Special guest star Jessica Sanchez who made a cameo in "Lights Out", officially debuts as Frida Romero, the lead singer of the Hoosierdaddies a rival show choir for the New Directions.

Other recurring characters in this episode include McKinley High's guidance counselor Emma Pillsbury (Mays), McKinley's new cheerleading coach Roz Washington (NeNe Leakes), glee club members Sugar Motta (Vanessa Lengies), Joe Hart (Samuel Larsen), Wade "Unique" Adams (Newell), Marley Rose (Benoist), Jake Puckerman (Jacob Artist), Kitty Wilde (Becca Tobin) and Ryder Lynn (Jenner), and a producer of the Broadway revival of Funny Girl (Amy Aquino).

Six songs from the episode are being released as singles: Celine Dion's "To Love You More" sung by Michele; The Script's "Hall of Fame" performed by Kevin McHale, Chord Overstreet, Artist, Jenner and Larsen; Zedd and Foxes' "Clarity" and Little Mix's "Wings", both performed by Sanchez; Icona Pop's "I Love It" performed by Morris, Jenna Ushkowitz, Newell and Tobin; and an original song with the same title as the episode, "All or Nothing", performed by Benoist and Criss.

==Reception==

===Ratings===
"All Or Nothing" was first broadcast on May 9, 2013 in the United States. It garnered a 2.0/6 Nielsen rating/share and received 5.92 million American during its initial airing. Viewership and ratings were up slightly from those of the previous episode, "Wonder-ful", which was watched by 5.19 million American viewers and acquired a 1.9/5 rating/share in the 18–49 demographic upon first airing.

===Critical response===
"All Or Nothing" received generally negative reviews from critics.
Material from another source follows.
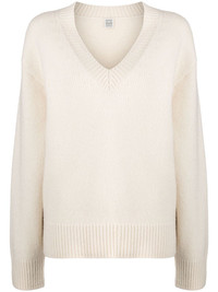 V-Neck wool-cashmere jumper Highlights - Cream white - Knitted construction - V-neck - Drop shoulder - Long sleeves - Ribbed cuffs and hem Imported Composition Fabric 100% SIZE & FIT Model measurements Height 5 ft 11 in(1.8 m) Bust/Chest 31.49 in(80 cm) Hips 36.22 in(92 cm) Waist 25.59 in(65 cm) Measurement SLEEVE LENGTH 22.04 in(56 cm) LENGTH 24.4 in(62 cm) BUST 44.88 in(114 cm) FittingInformation Designed for a relaxed fit, this piece allows for comfort and movement when worn Made with a midweight knit, this piece offers some stretch This piece fits true to size – take your usual size Washing instructions Dry Clean Only

Jessica Zaleski of Huffington Post wrote that the episode was "forgettable" and she said the episode just didn't measure up to the other finales of the series. Also she criticized the Will and Emma wedding plot and called it "boring and void of emotion" and she was concerned that Rachel's audition plot failed to have an end in the fourth season.

Brandon Nowalk of The A.V. Club graded the episode "C+" he said there's no wonder in the episode and that it feels "like just another episode" and it seems "unfinished". He said: "it's been a rocky, rewarding season limited mostly by its own reticence to move forward".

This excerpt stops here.